А потом, он поднял голову, его глаза затуманились, смотрели в даль, и он заговорил. Его лицо осветила улыбка, и он произнес по-украински: «Маты*, матуся**. Маты - яка она красыва була, наша маты***». А потом сказал по-русски: «..Ее черные смоляные волосы были до пояса, и их всегда прикрывал платок. На шее рубинами горели яркие бусы и в будние дни, и в праздники. Это то, что она оставила для себя из прежней жизни. А как она пела песни. Голос ее звенел, как звоночек».
«Нэсэ Галя воду, коромысло гнэтся, а за нэй Иванку, як борвынок въется…»***,- вдруг по-украински запел отец, прикрыв глаза, и был он в этот момент далеко, далеко от нас.
Песня оборвалась и снова отец продолжил рассказ, и в его словах звучала неприкрытая нежность, доброта: «Так как маты нас любила, больше никто и никогда не любил нас: меня, брата Колю, Галю сестренку и братишку Шурку. Она много работала, то корову доила, то нас малышей кормила, то сено в стог метала.
________
Украинский : *маты - мама, **матуся - мамочка. ***Маты - яка она красыва була, наша маты. Мама-какая она красивая была, наша мама.
****Нэсэ Галю воду, коромысло гнэтся, а за нэй Иванку, як борвынок въется. Несет Галя воду, коромысло гнется, а за ней Иванка, как цветок вьется.
________
И дом был на ней, хлеба пекла знатные и вкусности всякие. Духмяный запах маминого хлеба до сих пор помню. А какая веселая была, всегда улыбающаяся, глаза раскосые, как у тебя доця*».
И глубокая печаль поселилась в его глазах, он снова смотрел на нас и не видел. А я с замиранием сердца, слушала его рассказ.
«Батька мою маму увез из табара, она была молдаванская цыганка, стройная и гибкая, как стебелек, а когда пела, песни разлетались по деревни журчащим ручейком, и слушая ее, односельчане улыбались.
Наступал вечер, она звала нас: «Диточкы пийдиты до мэнэ»**. И начинала обнимать нас, целовать в волосы и лобик, скажет ласковые слова, прижмет к себе. А от нее пахло молоком, цветами и весной».
Отец снова замолчал, вздохнул тяжело и продолжил.
«Мне в 41 году было семь лет, Николаю - двенадцать, Шурке - пять годочков, а Гале едва исполнилось два годика. Отец боготворил маму, кроме как
кохана***, мы и не слышали другого обращения к ней отца, и семья была дружная, и дом полной чашей. Домик наш стоял на краю деревни. Я с детства помню маленькую хату, мне она казалось очень красивой, яркой. Крыша была крытая камышом и соломенными снопами, стены были побелены и расписаны яркими рисунками, цветами: желтыми, красными, синими. В середине хаты стояла побеленная печь с лежанкой, возле стен-деревянные лавки, в центре-стол. Мама сама расписывала стены символичными рисунками и цветами, орнаментами, которые, как говорила она, помогают отогнать злую силу. А во дворе всегда летом цвели алые маки, и было зелено, зелено вокруг. Но началась война, и отец ушел на фронт, а мама осталась одна с четырьмя детьми. Немцы вошли в деревню с шумом и треском мотоциклов, с гортанной немецкой речью, учиняли разбой и расстреливали селян. А маме нужно было выжить и сохранить детей».
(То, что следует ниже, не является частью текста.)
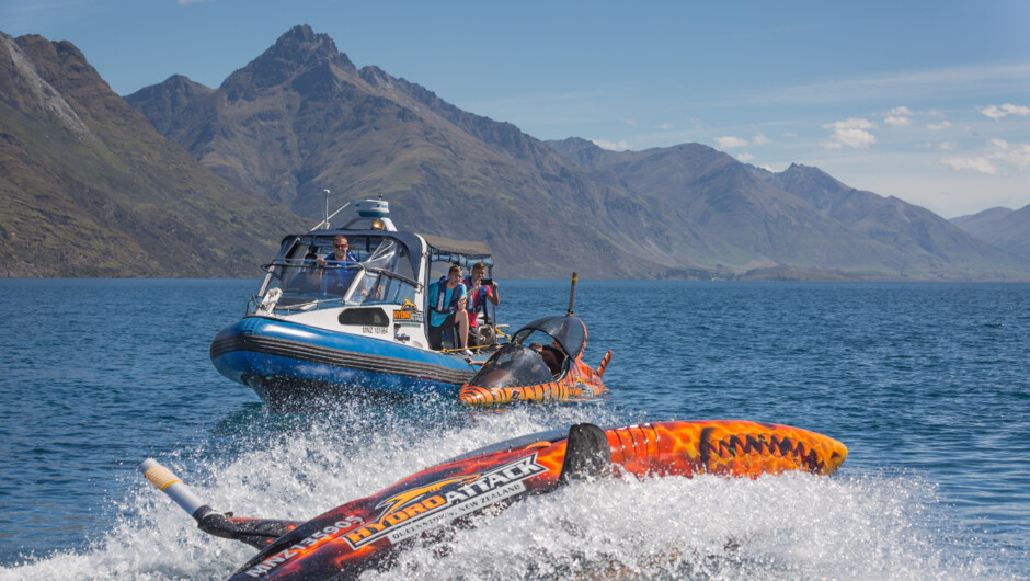 Minimum six riders. Departs on demand (requires booking 24 hours in advance). Head out in Hydro Attack's 12-passenger boat to a calm spot on the main part of the lake. Once in position, it’s time to up the adrenaline. Loading and unloading from the side of the boat, you can enjoy the same great experience in our semi-submersible shark as a single trip from the wharf. Like a stunt plane on the water - sit back in the warm dry cockpit and get ready to feel the g-forces as our expert pilot gives you a ride you'll never forget. Then settle back on the boat to watch your friends, family, and other passengers have a turn. A great option for photo opportunities. The Boat Trip and Shark Ride is also our windy weather option.

Отец посмотрел на меня и сказал: «Это я сейчас понимаю, а тогда, тогда мы были маленькими детьми». Голос у отца задрожал и стал тише, но рассказ он продолжил: «Кто из мужчин не ушел воевать, молодые хлопцы, да пожилые, бежали в лес, и организовывали партизанские отряды. Но были и такие, как дядько Петро, молодой здоровяк, он стал полицаем.
Однажды ночью раздался стук в окно, и я проснулся, услышал, как мама с кем-то разговаривала и сказала, чтобы приходили через два дня, и добавила, что хлеба напечет.

________
 Украинский:  *доця-доча. **Диточкы пийдиты до мэнэ. Деточки идите ко мне. ***Кохана-любимая.
________ 
Так наша мама начала помогать партизанам, она пекла для них хлеб. Один раз в неделю раздавался стук ночью и дядька Афанас забирал хлеб, это был наш Голова - председатель колхоза».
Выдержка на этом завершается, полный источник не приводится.